I didn't have a lot of time today, I just stopped off in my lunch break for a quick look without too many expectations, because there's always the risk with these aythya diving ducks that by midday they'll all have their heads tucked in and be fast asleep. Not today though, all of the diving ducks were awake and chasing each other around and feeding and in amongst them was the ring-necked duck. 

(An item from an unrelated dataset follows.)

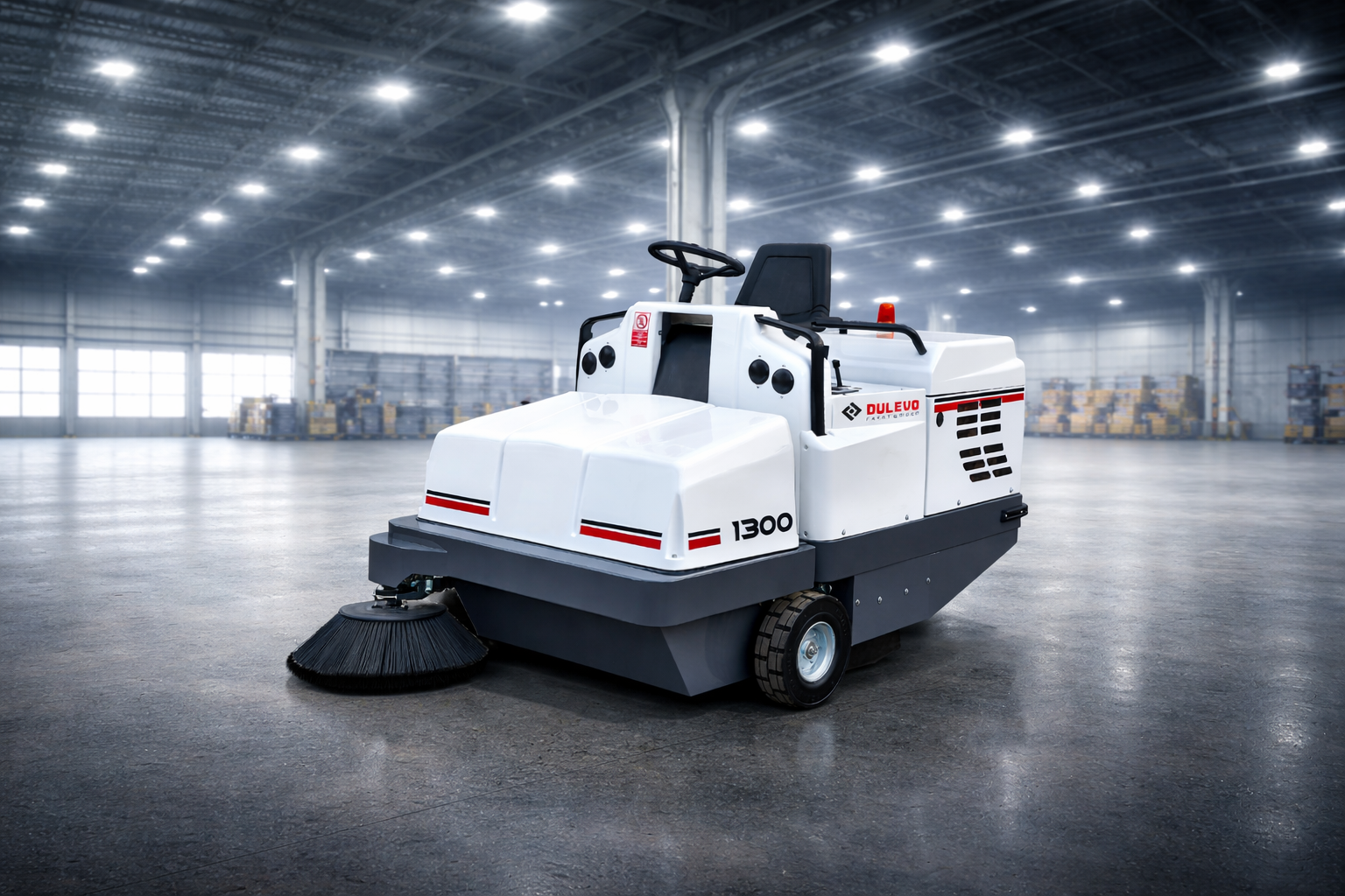 Hohe Aufnahmeleistung, große Kraft, hohe Kehrleistung und ein erstklassiges Saugsystem – die DULEVO 1300 verfügt über alle Eigenschaften für die professionelle Reinigung in Umgebungen der Schwerindustrie, öffentlichen Bereichen und Be- und Entladezonen.

Kilmardinny Loch at Bearsden is only a small loch, and so long as the birds are not asleep, decent views are pretty much guaranteed. Still, they were doing an awful lot of diving and at first decent photos were a challenge, but they were obviously doing a lap of the loch so I just waited 10 minutes and they came right past me. The close up photos are all phone scoped at close range during a period of relative inactivity.

Wednesday 9 December 2020

Pink footed geese, Holcroft Moss


The pink-footed goose flock which is spending time feeding just south of Culcheth, viewable from Holcroft Lane, has increased in number this week to around 800-1000 birds. I've spent quite a bit of time looking through them over the past few days but haven't been able to pick out anything unusual since the Greenland whitefront last week, but it's just nice to have the opportunity to watch geese so close to home. They get disturbed quite a lot and move between several fields during the day, often landing out of view, so they can be quite difficult.





Thursday 3 December 2020

Greenland white-fronted goose, Holcroft Moss

Greenland white-front with pink-footed geese 
Photo © John Tymon.

Yesterday John Tymon found a magnificent Greenland white-fronted goose just south of Culcheth on Holcroft Moss. Unlike the first COVID lockdown when I was out every day and the weather was great, this time around I've found it very difficult to motivate myself, what with the bad weather and short days and I've managed to resist a whole host of rarities from Siberian thrush to rufous scrub-robin. However nothing gets the Davies pulse racing like a goose just before Christmas and sure enough I was out today looking for this bird. Armed with information from John I headed for Holcroft Lane and found a flock of about 450 pink-footed geese near Frank's farm. Unfortunately though, most of the flock was in a dip in the field and invisible to me. After about half an hour though I managed to pick out the white-front but almost immediately a farm vehicle drove down a track and flushed the lot!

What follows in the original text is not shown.